TO DO
Find the "屋内ジャグジーと露天のジャグ" line in the records below and repeat it and every later line exactly, up to the last; do not include pictures.

RAW DATA
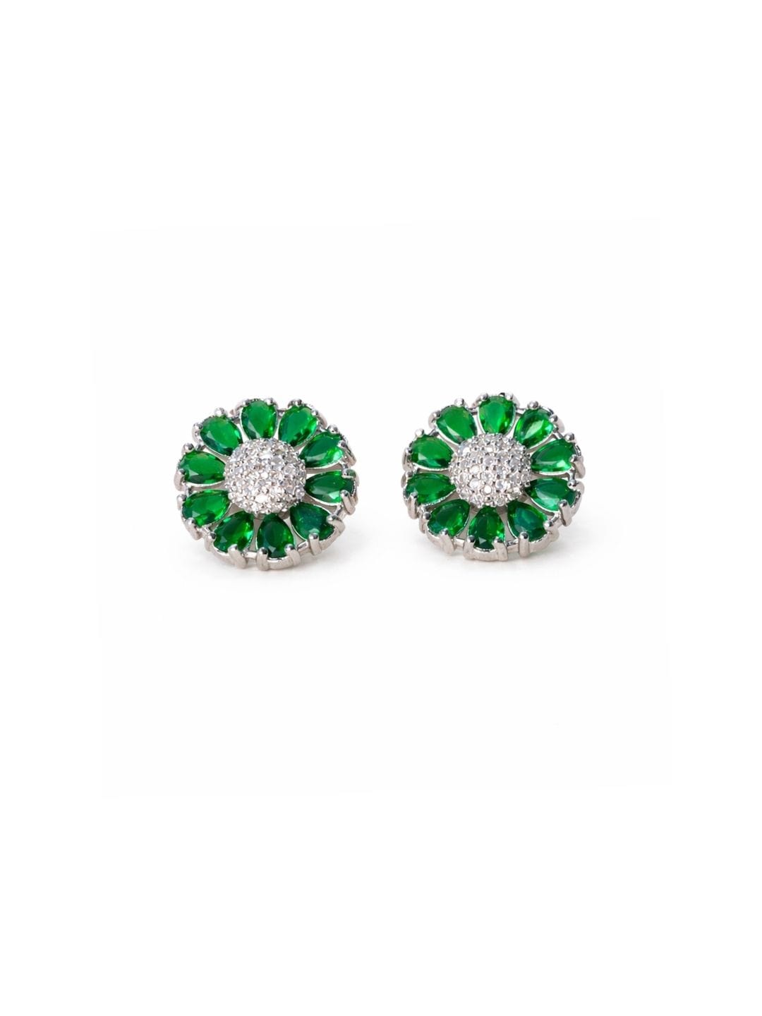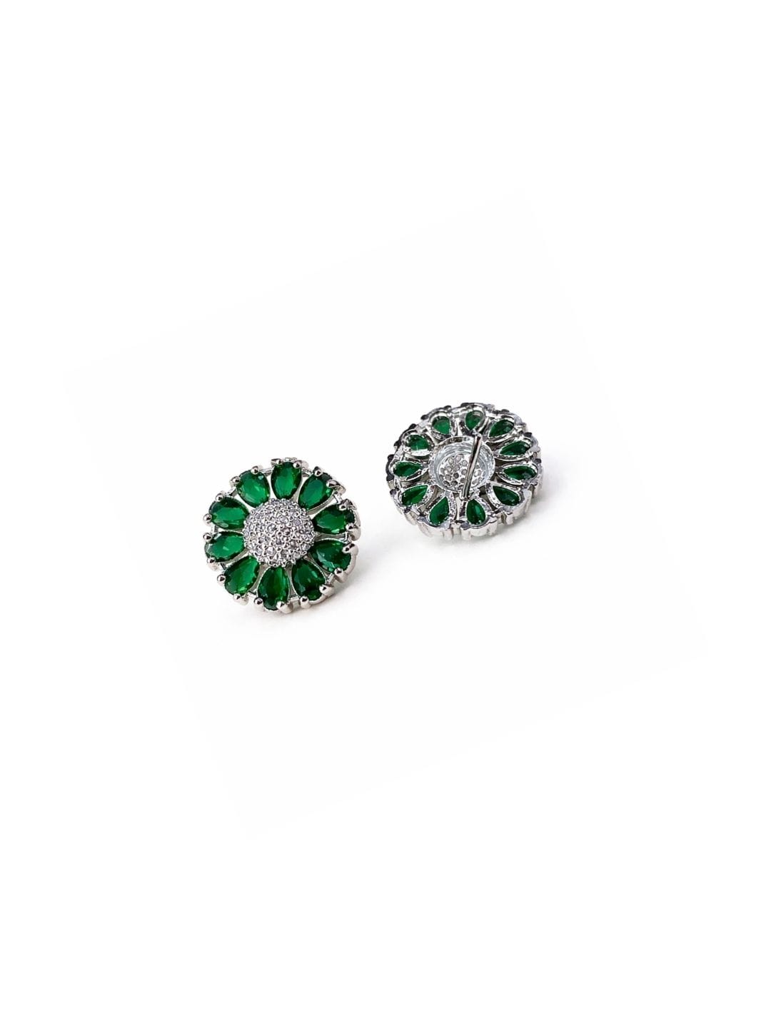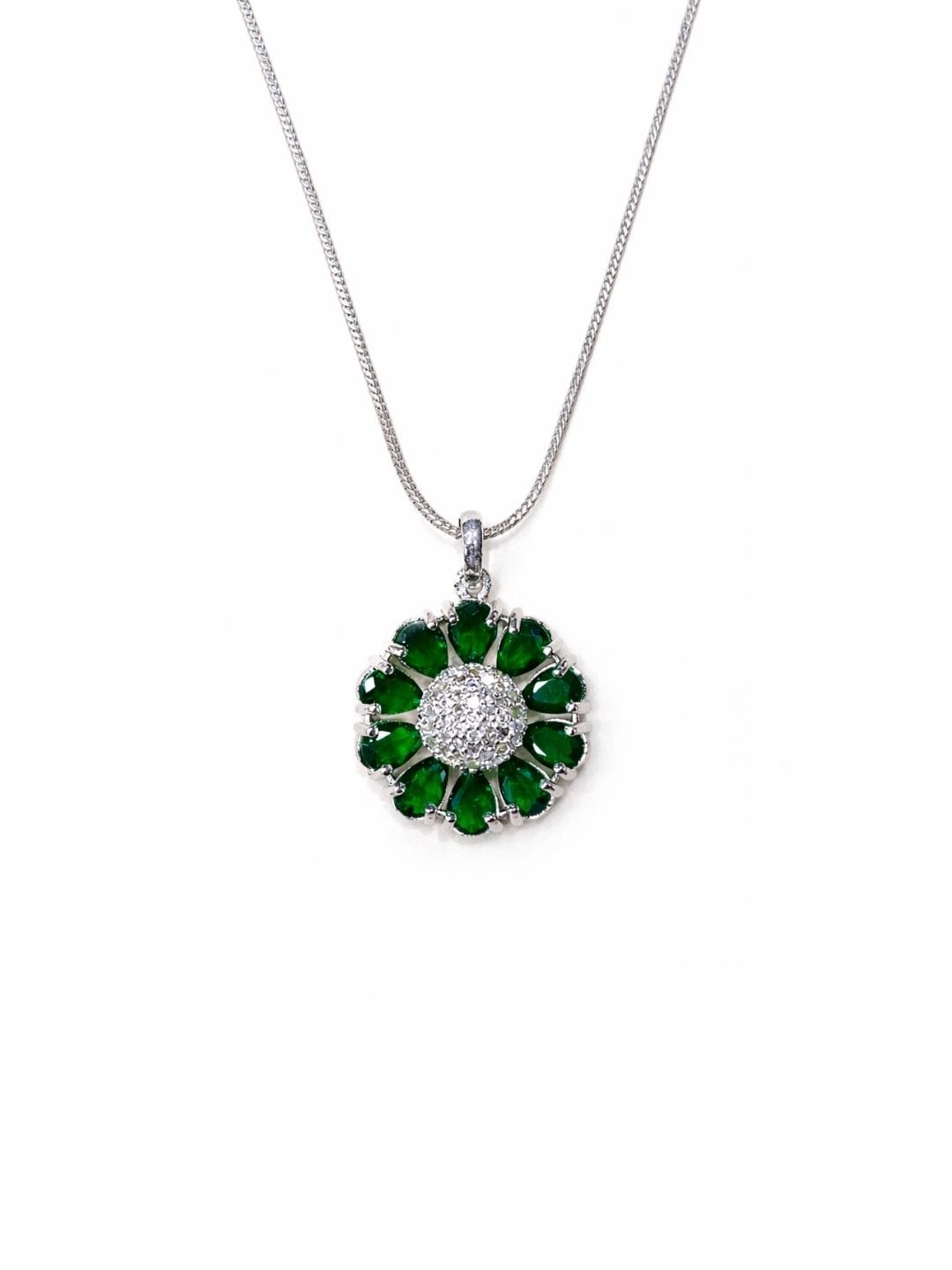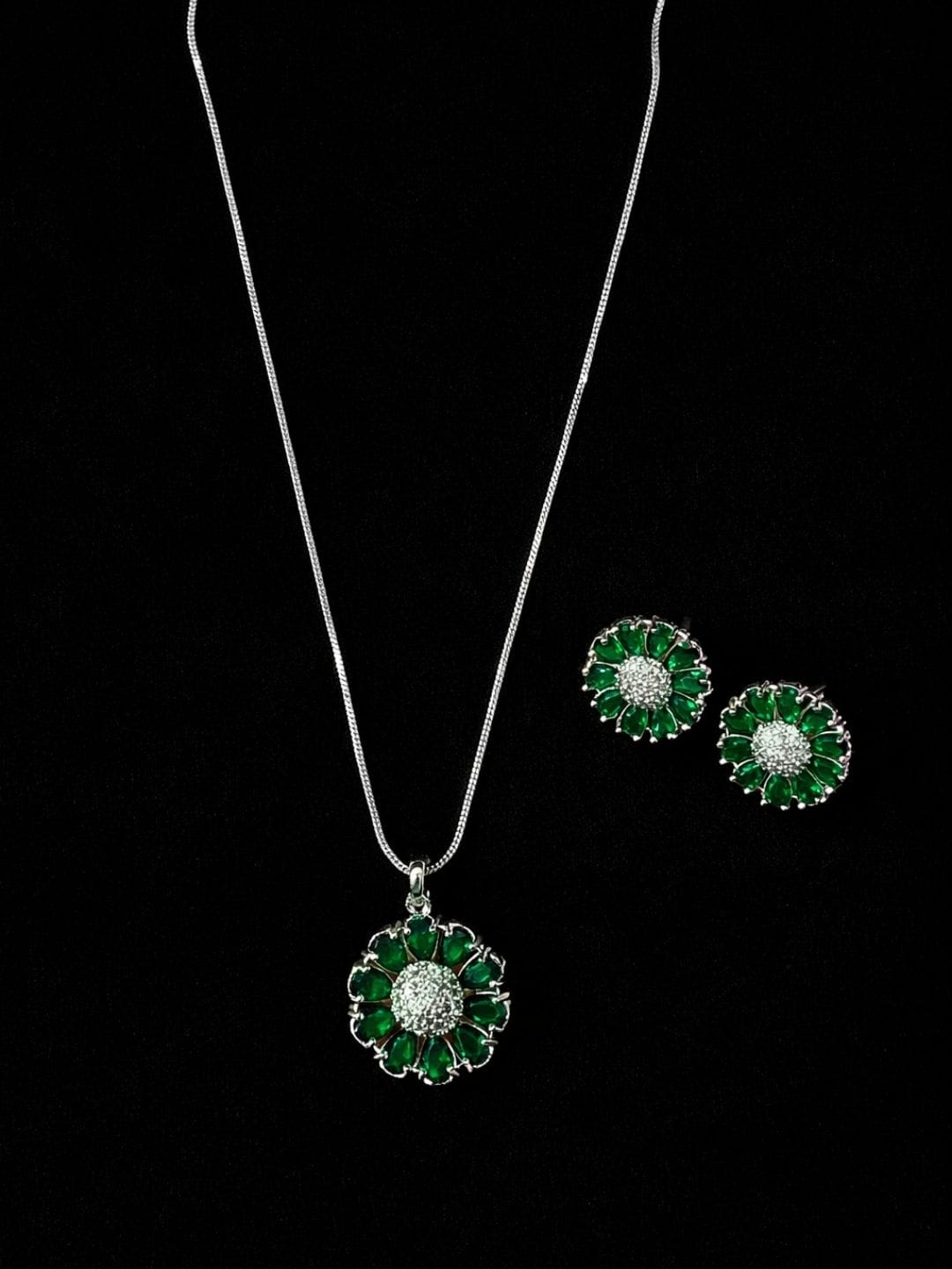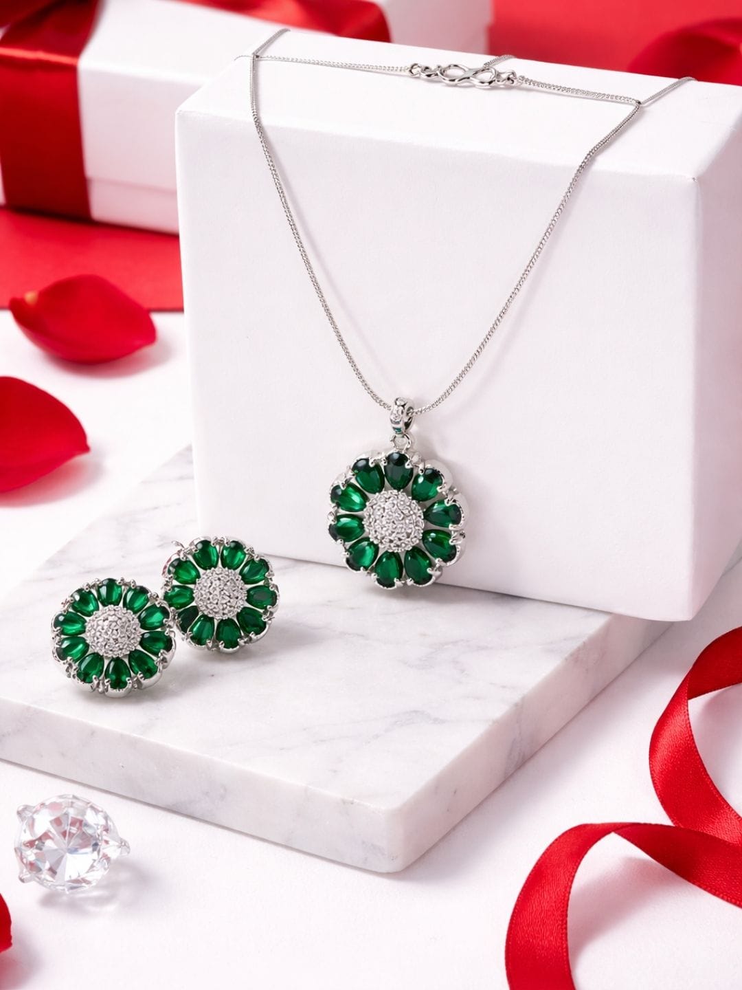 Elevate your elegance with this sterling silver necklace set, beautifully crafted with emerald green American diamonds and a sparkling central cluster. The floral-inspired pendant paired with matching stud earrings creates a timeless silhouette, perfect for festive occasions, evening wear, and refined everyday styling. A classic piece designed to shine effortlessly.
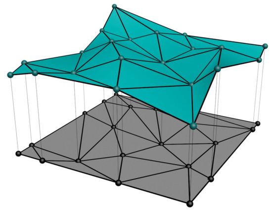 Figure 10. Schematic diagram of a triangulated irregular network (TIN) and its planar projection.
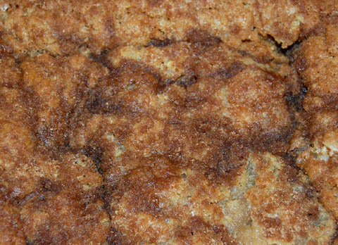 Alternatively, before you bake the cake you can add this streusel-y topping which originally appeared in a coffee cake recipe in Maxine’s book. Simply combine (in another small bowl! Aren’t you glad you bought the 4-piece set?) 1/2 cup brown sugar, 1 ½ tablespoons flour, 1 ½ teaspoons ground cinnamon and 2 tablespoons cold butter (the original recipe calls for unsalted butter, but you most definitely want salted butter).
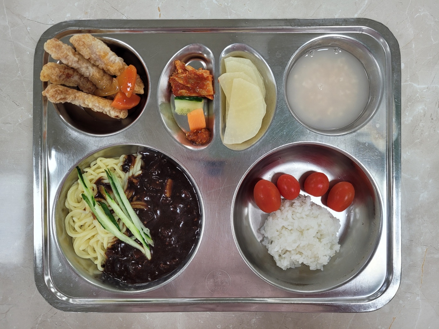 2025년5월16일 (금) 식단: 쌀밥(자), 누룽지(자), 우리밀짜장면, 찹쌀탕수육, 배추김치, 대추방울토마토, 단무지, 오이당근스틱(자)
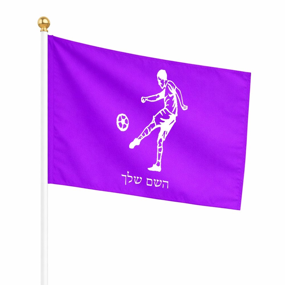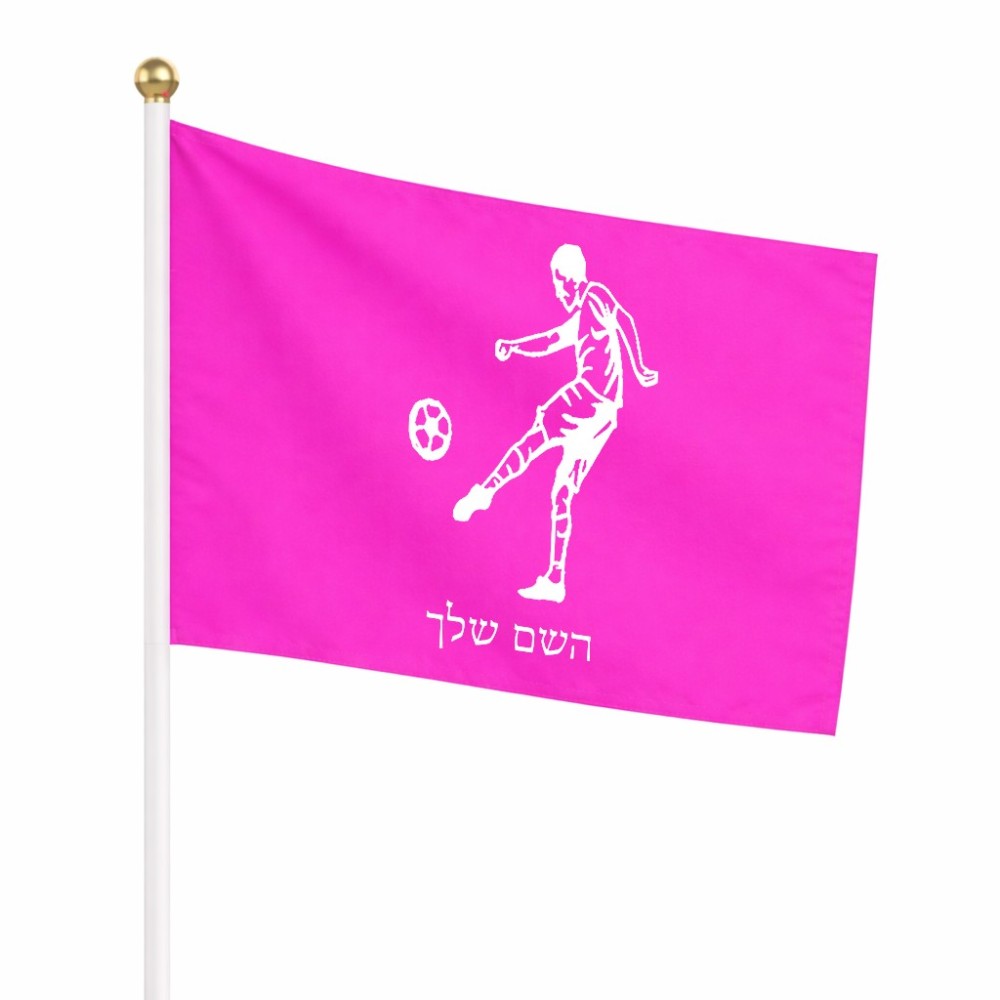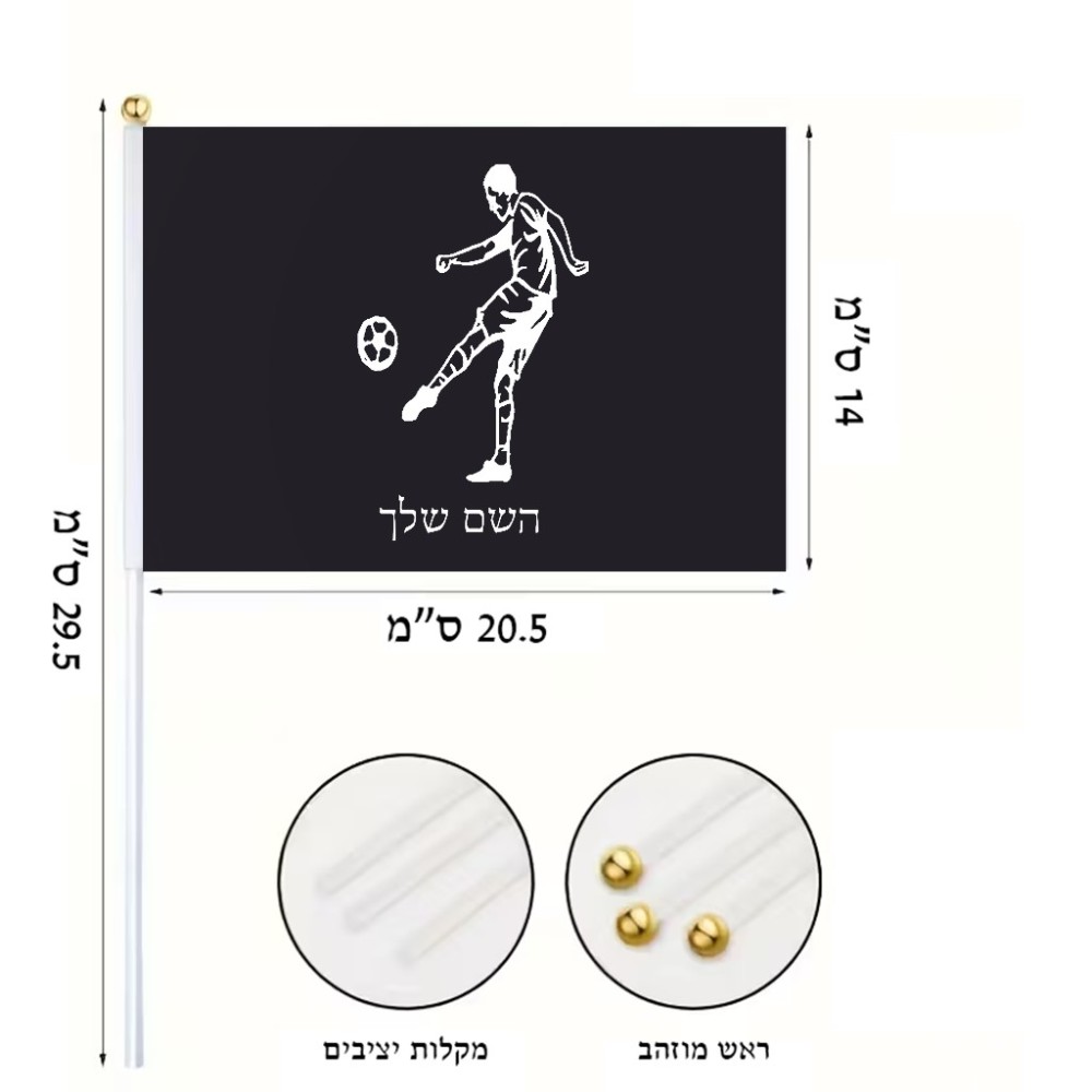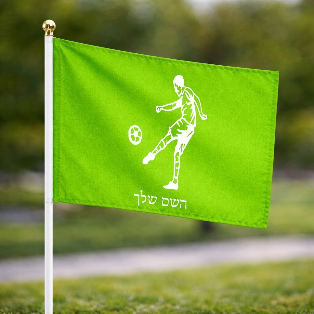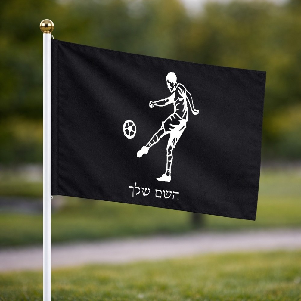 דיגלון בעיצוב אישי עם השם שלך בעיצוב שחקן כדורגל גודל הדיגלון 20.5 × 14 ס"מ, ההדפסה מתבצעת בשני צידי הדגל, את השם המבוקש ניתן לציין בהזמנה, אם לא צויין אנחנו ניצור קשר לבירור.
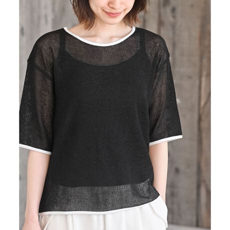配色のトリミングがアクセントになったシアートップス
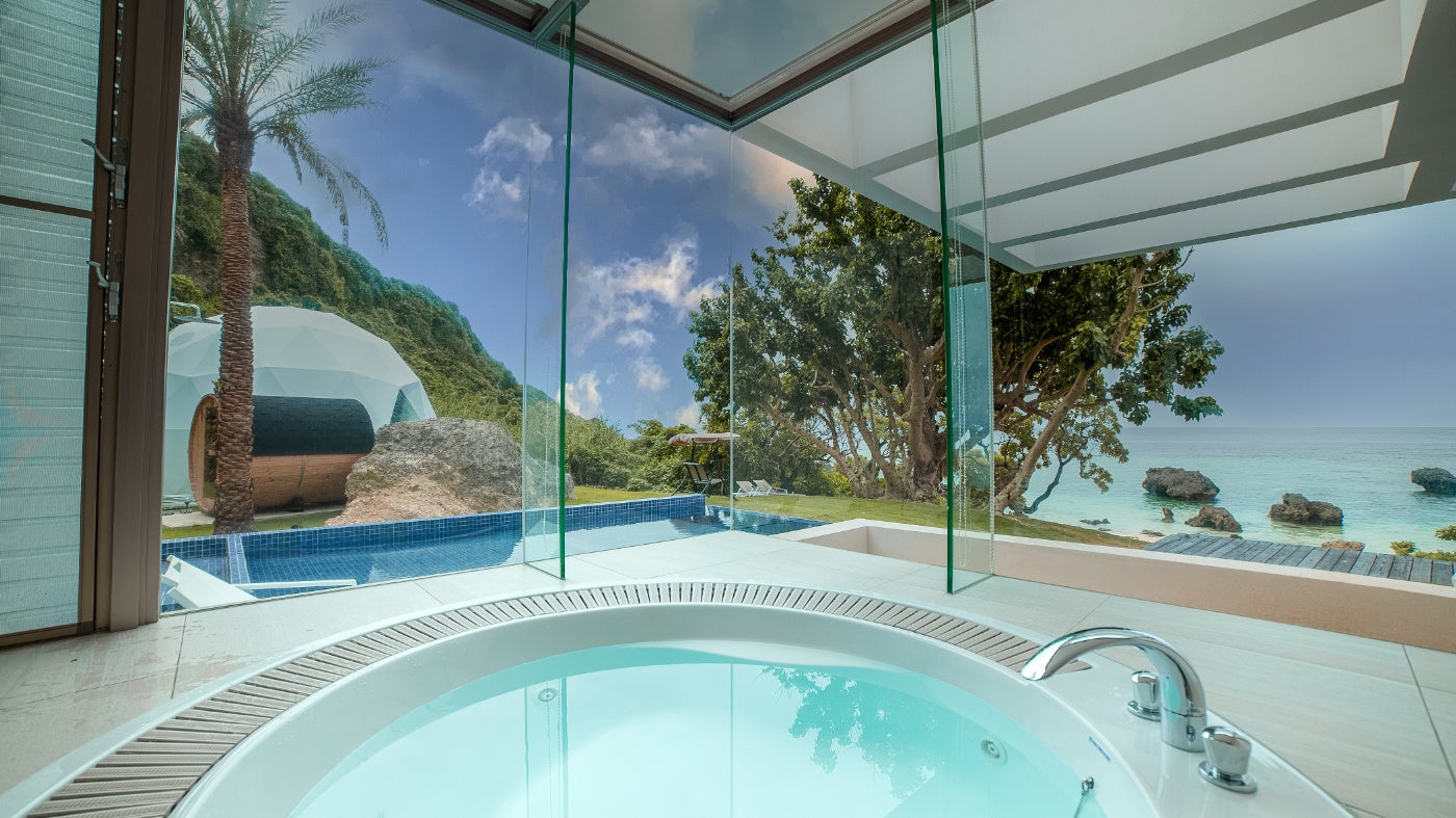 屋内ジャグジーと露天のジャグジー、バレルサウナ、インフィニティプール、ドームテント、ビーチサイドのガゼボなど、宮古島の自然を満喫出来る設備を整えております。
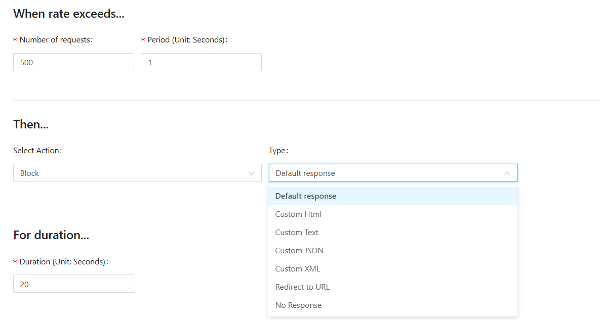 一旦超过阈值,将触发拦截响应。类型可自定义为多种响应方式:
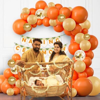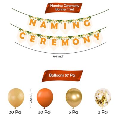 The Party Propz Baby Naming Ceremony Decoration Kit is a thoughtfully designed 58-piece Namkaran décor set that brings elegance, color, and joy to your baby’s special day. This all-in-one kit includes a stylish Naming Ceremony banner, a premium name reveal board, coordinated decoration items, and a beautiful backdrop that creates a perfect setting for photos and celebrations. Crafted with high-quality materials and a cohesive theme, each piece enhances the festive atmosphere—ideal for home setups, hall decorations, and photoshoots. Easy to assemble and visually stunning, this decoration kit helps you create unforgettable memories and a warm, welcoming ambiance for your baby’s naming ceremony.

RESULT
 屋内ジャグジーと露天のジャグジー、バレルサウナ、インフィニティプール、ドームテント、ビーチサイドのガゼボなど、宮古島の自然を満喫出来る設備を整えております。
 一旦超过阈值,将触发拦截响应。类型可自定义为多种响应方式:
 The Party Propz Baby Naming Ceremony Decoration Kit is a thoughtfully designed 58-piece Namkaran décor set that brings elegance, color, and joy to your baby’s special day. This all-in-one kit includes a stylish Naming Ceremony banner, a premium name reveal board, coordinated decoration items, and a beautiful backdrop that creates a perfect setting for photos and celebrations. Crafted with high-quality materials and a cohesive theme, each piece enhances the festive atmosphere—ideal for home setups, hall decorations, and photoshoots. Easy to assemble and visually stunning, this decoration kit helps you create unforgettable memories and a warm, welcoming ambiance for your baby’s naming ceremony.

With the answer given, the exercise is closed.